Using List<Array> is a major area for improvement. You are prone to boxing issues (conversion of primitive types to objects) and making more function calls than are necessary.
Reduce your 3D matrix to an array of primitives:
int[] my3DArray = new int[n * m * l]; // Note I'm using l where you use k
Now index into your array at [i, j, k] using the following offset:
int elementAtIJK = my3DArray[i + (n * j) + (m * n * k)];
If you just use arrays of primitives you should see a definite improvement.
Edit:
In fact, in C# (and several other languages) it's very easy to implement 3D arrays directly, e.g.:
int[,,] my3DArray = new int[n,m,l];
int elementAtIJK = my3DArray[i,j,k];
Which is much simpler than I first described (but at the end of the day is internally translated in the 1D form).

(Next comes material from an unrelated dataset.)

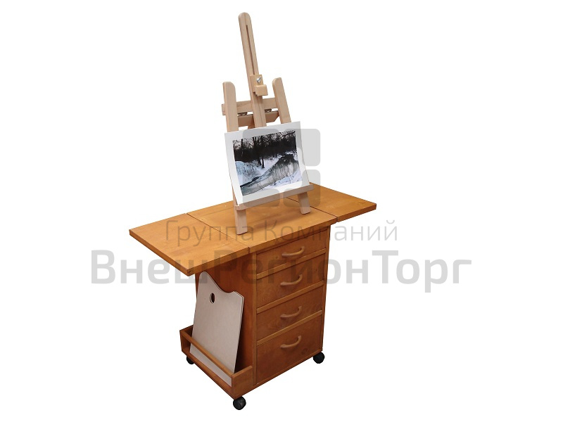 Тумбочка с 4-мя выдвижными ящиками для хранения красок, кистей, палитр, мастихинов и прочих аксессуаров художественного творчества с откидными дополнительными плоскостями и карманом для хранения больших палитр и бутылочных растворителей.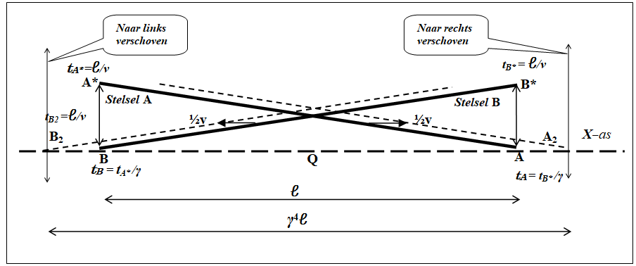 Fig 1  De streepjeslijnen  geven de plaats aan waar de stelsels zich op het tijdstip t = ℓ/v sec volgens de klokken in hun stelsel bevinden, gezien vanuit de voorpunten. Op dat tijdstip bevinden de voorpunten A2 en B2 zich γ4 meter van elkaar. De vette lijnen geven de plaats van de stelsels aan op dat tijdstip gezien vanuit de achterpunten. De onderlinge afstand van deze punten klopt wel met de traditionele opvattingen, maar we moeten bedenken dat deze punten zich op het tijdstip t=0 zelf γ4 meter van elkaar bevonden.

What to do if the 3rd dimension varies in size...
Now, it gets more interesting if the size of the 3rd dimension varies significantly. If it has a known maximum and isn't too big, you can simply set it to the maximum and fill the empty values with zeroes. This is simple and may meet your needs.
However, if the 3rd dimension can be very big, all these extra stored zeroes could waste a lot of valuable space and what you need is a Sparse Matrix representation.
There are different storage mechanisms for sparse matrices. For your purposes, you could consider your 3D array to be a 2D matrix, with (n*m) rows and max(k) columns. As the 3rd dimension varies in length, there are lots of empty spaces in your columns. This is called a sparse row and the standard data storage for this is "Compressed Sparse Row". Again, for performance this can be represented just by three primitive arrays, a data array, a row index array and a column pointer array. There are resources elsewhere on the web that describe the CSR implementation better than I can, but hopefully this will point you in the right direction.